This speaks for itself.
Cousins Properties, 2013 Annual Report
"Our mission has been clear since the start of 2012—simple platform, trophy assets and opportunistic investments. In January 2012, our equity market capitalization was $665 million with 46% of Net Operating Income coming from urban trophy office buildings. Today, it’s over $2 billion with 85% of Net Operating Income coming from urban trophy office buildings. At year-end 2013, our total shareholder return was 25.6% on a one-year basis and 31.9% on a three-year basis. This compares to 6.6% and 21.0%, respectively, for the SNL US REIT Office Index. As in everything we undertake, the ultimate goal is to provide attractive total returns for our shareholders.
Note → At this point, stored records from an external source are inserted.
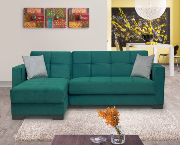 This Emerald Green sofa comes with two rectangular grey pillows, chrome finished legs and additional storage underneath.
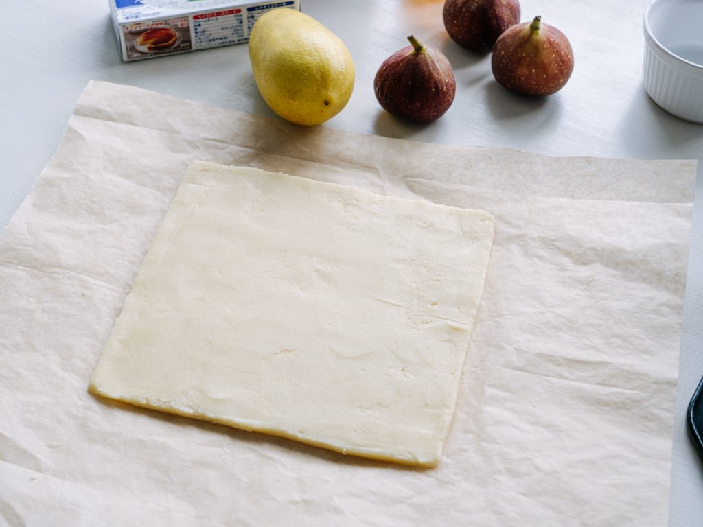 端の部分はあらかじめ半分に切ったいちじくをのせて調整しています。最後の仕上げに、砂糖水を薄く塗って色止め&ツヤ出しをしたら完成🙌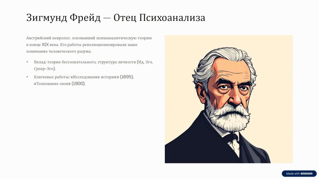 Зигмунд Фрейд — Отец ПсихоанализаАвстрийский невролог, основавший психоаналитическую теорию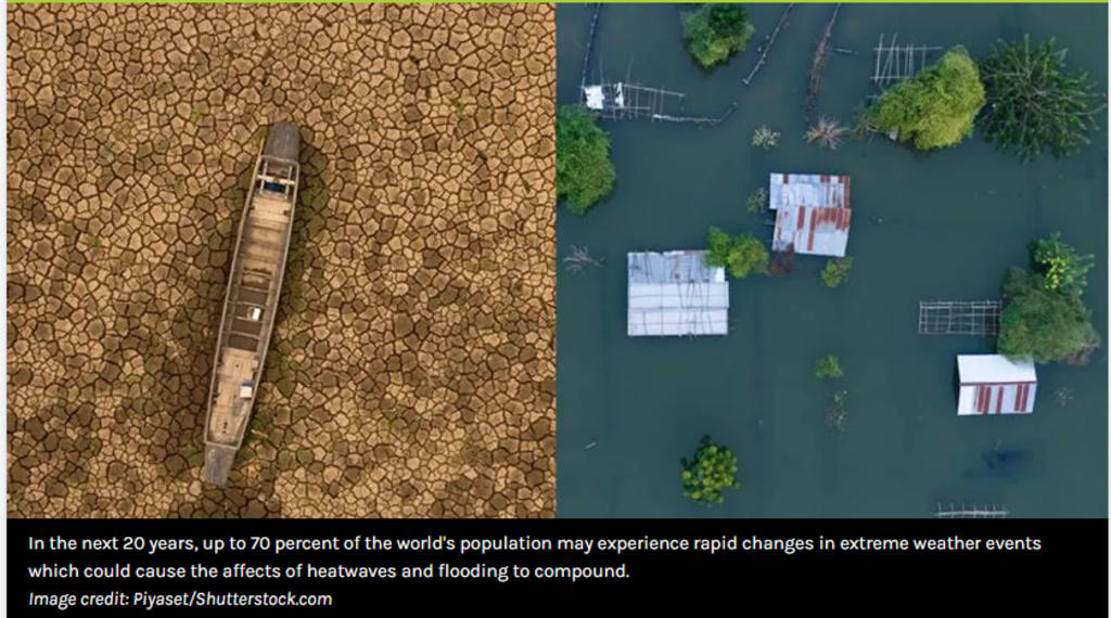 In the next 20 years, 70% of the world's population may be affected by increases in extreme weather.

We have timed this cycle well, acquiring $1.6 billion of trophy assets in 2013 at an average discount of 57% to replacement cost. Our most notable move during the year was the acquisition of Crescent’s Texas portfolio in September. This transaction was accompanied by the successful issuance of 69 million common shares, enabling us to grow the company’s total market capitalization by 57% overnight, while adding 5.3 million square feet of Class A office assets in Houston and Fort Worth. In the first half of the year, we acquired Post Oak Central in Houston and 816 Congress in Austin. Our Texas presence now represents 52% of our total portfolio square footage and is exclusively located in the three major markets of Houston, Dallas/Fort Worth, and Austin."